僕が何に殺されそうなのかを、君は知らないまま 06
初めて地球人の家に行く。そのタスクは想像以上に俺に緊張をもたらしているらしい。上手く感情を顔に伝達することが出来ていない。俺は固まる表情パーツを手で解しながら、端末に表示される征木家へと向っていた。
本来なら行くつもりは無かった。だが、終業のホームルーム後に高岡教員に呼び立てられ、今ではあまり見かけなくなった小型記憶媒体を渡された時にやっと、自分が花折を“お見舞い”しなければいけないと知ったのだ。
入っているのは夏前の試験のテスト範囲、校内に居なければ端末にコピーされないデータを、直接持っていってくれという依頼だった。
「俺が、地球人の家に行くことになるなんてな……」
ヒグラシの鳴き声に鼓膜を揺らされながらぽつりと呟く。
それがどんな場所なのかは知っている。地球人の家族が皆で暮らす場所だ。単独で棲みかを持っていた自分たちとは違う“家”というものを、最初は群れなければ生きていけないのかと鼻で笑ったものだった。だが下校途中に空いた窓の隙間から漂ってくる魚を焼く匂いだとか、灯台のように暖かな光を放つ玄関の明かりだとかを何度も何度も見ているうちに、戦いに明け暮れて生死の境目の曖昧な生活をしていた我々と違って、地球人は誰かの待つ家が在っても大丈夫なのだろうなと感じるようになっていた。
「えっと、ここか……」
白い塀に囲まれた、周りの家々と変わらない没個性的な家屋。田舎な事もあり結構な広さで、花の多く咲いている庭には、さらに洗濯物を干すスペースまで用意されている。
頭の中で、地球人の家に入るときのマニュアルを高速再生しながら、俺はとりあえず“①玄関のチャイムを押す”を実行した。
『はい』
女性の声。俺の緊張が極限まで高まる。
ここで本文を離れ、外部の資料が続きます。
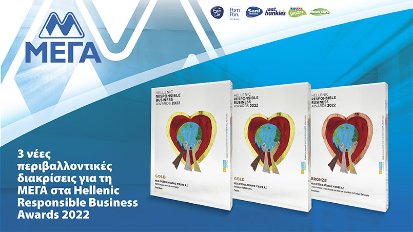 Τρεις νέες σημαντικές περιβαλλοντικές διακρίσεις παρέλαβε η 100% ελληνική εταιρεία ΜΕΓΑ Προϊόντα Ατομικής Υγιεινής Α.Ε., στην έβδομη τελετή απονομής των φετινών στα Hellenic Responsible  Business Awards 2022, τον μεγάλο θεσμό που επιβραβεύει  την Υπεύθυνη Επιχειρηματικότητα και τη Βιώσιμη Ανάπτυξη.
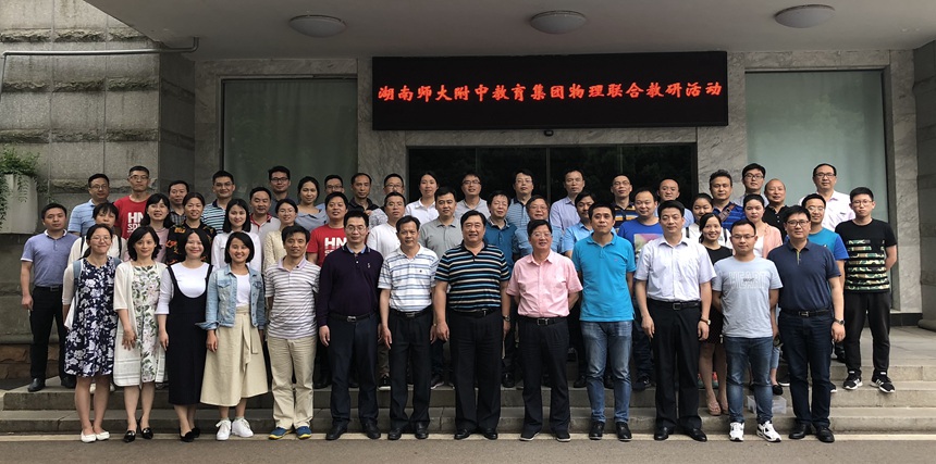 新闻中心 附中新闻 通知公告 最新动态 教育视点 集团学校新闻联播 媒体附中 工作安排 微信附中 高三物理复习展示,新高考研究汇报——湖南师大附中教育集团物理联合教研活动 发布:校办公室 来源:物理教研组 日期:2018-05-07 人气:分享到: 5月3日下午,湖南师大附中教育集团物理联合教研活动在本部科学楼五楼物理数字化录播实验室举行。活动旨在落实校办公会和校学术委员会关于高考复习的指导意见,展示高三物理备课组集体教研成果,展示物理教研组分组研究成果,引领示范,提升集团校物理研究氛围。学校领导黄月初书记、陈迪勋副校长、校长助理集团办康主任,校长助理苏建祥、校长助理蔡任湘、信息中心周大勇主任、课程与教学处领导王朝霞副主任等领导、物理教研组全体成员以及集团校区物理教师50多位老师参加了这次活动。活动分五个环节进行,由教研组长彭知文老师主持。 (撰稿:王超 罗章 审稿:彭知文) 上一篇:我校教职工收看纪念马克思诞辰200周年大会实况直播 下一篇:姊妹校加拿大文思博学校三位教师来校研修交流 通知公告 更多 关于征集湖南师大附中“十五五” 湖南师大附中2026年教师招聘(第 湖南师大附中2025年教育教学成果 湖南师范大学附属中学2025年零星 关于举办第40届校园文化艺术节的 湖南师范大学附属中学2026年教师 最新动态 更多

ええっとなんて言えば良かったのか。俺は限界まで稼動を高める
「加賀と申します。花折君のクラスメイトで、学校から配布されるデータを持ってきました」
よし、②の備考に記載されていた、“会いたい相手の名前を折り込むとさらに不審さが薄れ良い”もクリアした。
『あら、今開けますわ』
俺はどきどきしながら玄関の戸が開くのを待つ。
「わざわざごめんなさいね」
扉が開き、一人の女性が姿を見せた。
「どうぞ、入っていらっしゃい」
とても高校生の息子がいるとは思えない、若々しい母親だった。白い陶磁のような肌と、色素の薄い髪が花折の受け継いだ遺伝情報を強く感じさせる。肩の辺りで切り揃えられた髪がふわりと揺れ、光に透けてベールのように彼女の輪郭をおぼろげに暈す。
「おじゃまします」
俺は門扉を押して中へと踏み入った。